The issue at a glance
In February 2008 Sweden and Norway's agriculture ministers condemned Australia's practice of mulesing sheep to prevent flystrike. At the same time a bribery scandal erupted in Sweden after an Australian wool industry lobbyist was filmed offering a trip to Australia to a mulesing critic.
The result has been a groundswell of criticism of the Australian wool industry among many of its European customers and a renewal of criticism within the United States market. This response has been encouraged by a number of animal rights groups, including PETA.
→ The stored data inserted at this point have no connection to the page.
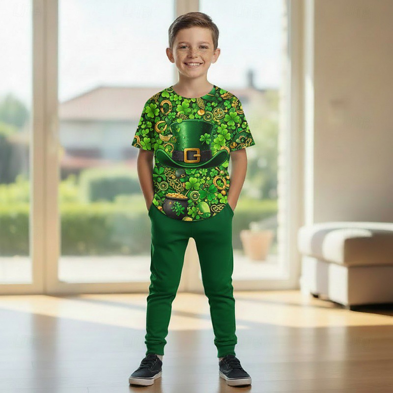 St. Paddy's Day Boys' 3D Graphic Four Leaf Clover St. Patrick's Day Pajamas Pajama Sets Tee Pants Pajama Sets Short Sleeve 3D Print Summer Active Neutral Fashion Kids 4 years Crew Neck Daily Home
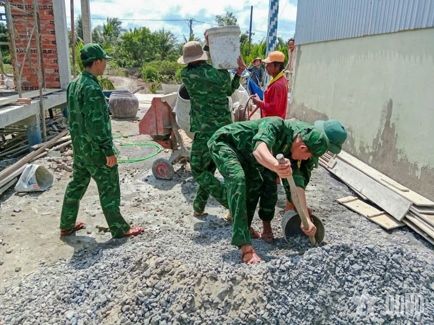 | Tuổi trẻ Đồn Biên phòng Rạch Gốc giúp gia đình chính sách sửa chữa lại nhà. |
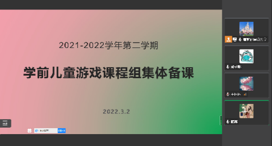 开学伊始,为进一步加强教研工作,调动教师教研教改的积极性,3月2日下午3点,《学前儿童游戏》课程组召开了线上教研会议。会议由课程负责人曹莉教授主持,课程组全体成员参加了会议。
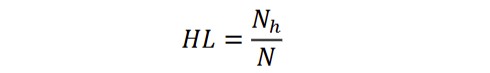 Hepax legomena are words that occur in a text only once (Popescu et al., 2009). Hepax Legomena Percentage (HL) is a ratio between the number of tokens (N) and number of hapax legomena (Nh) in a text, obtained as:
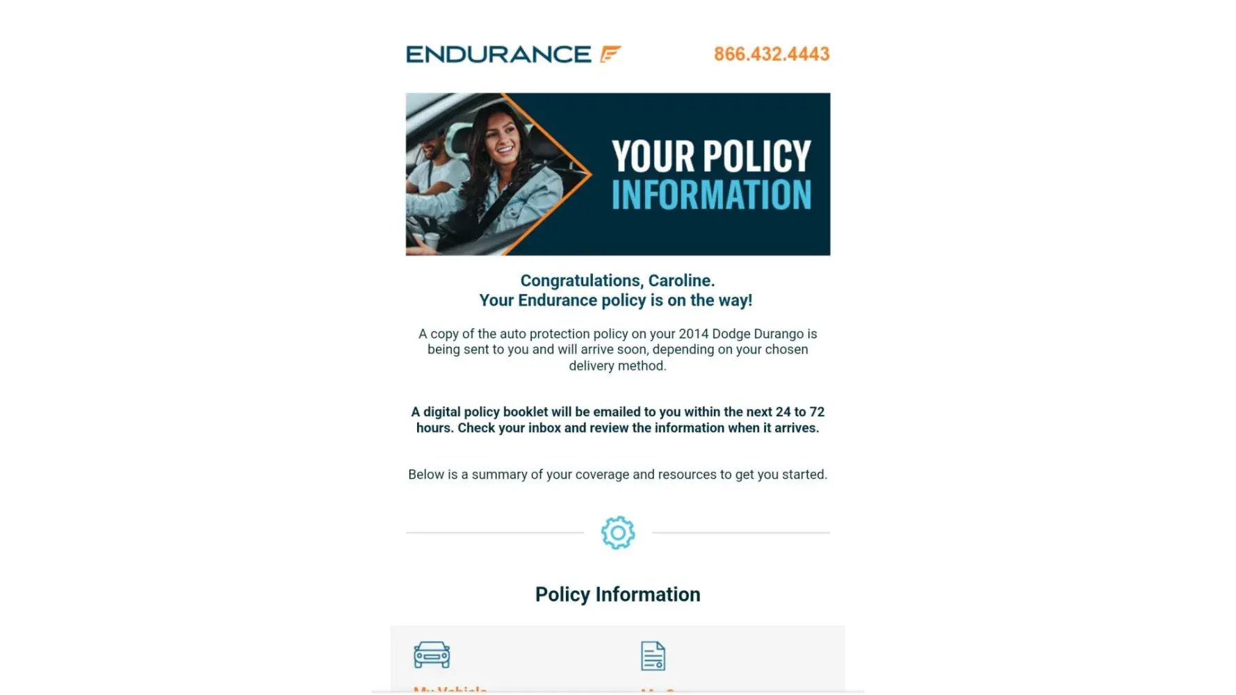 So, I called Endurance to inform that I was going to need to have mechanical work done with my Secure Plus plan. They told me to take the car to a mechanic and present them with the policy.

In 2004, People for the Ethical Treatment of Animals (PETA), a US-based animal rights group, had mounted a campaign to have American importers ban Australian wool until the Australian industry ceased mulesing.
The result was a compromise in which Australian woolgrowers signed a compact which had them agree to phase out mulesing by the end of 2010 and to use painkillers when mulesing in the interim. The industry understood that PETA would cease protesting against the manner in which its livestock were treated until that time. However, this does not appear to have been PETA's understanding. The organisation has not been satisfied with the progress made to this point and is demanding that mulesing be ended immediately.
The threatened loss of markets has seen a significant number of Australian woolgrowers commit to stopping mulesing straight away. Others, however, consider such undertakings premature, believing there are currently no viable alternatives to mulesing as a means of controlling flystrike.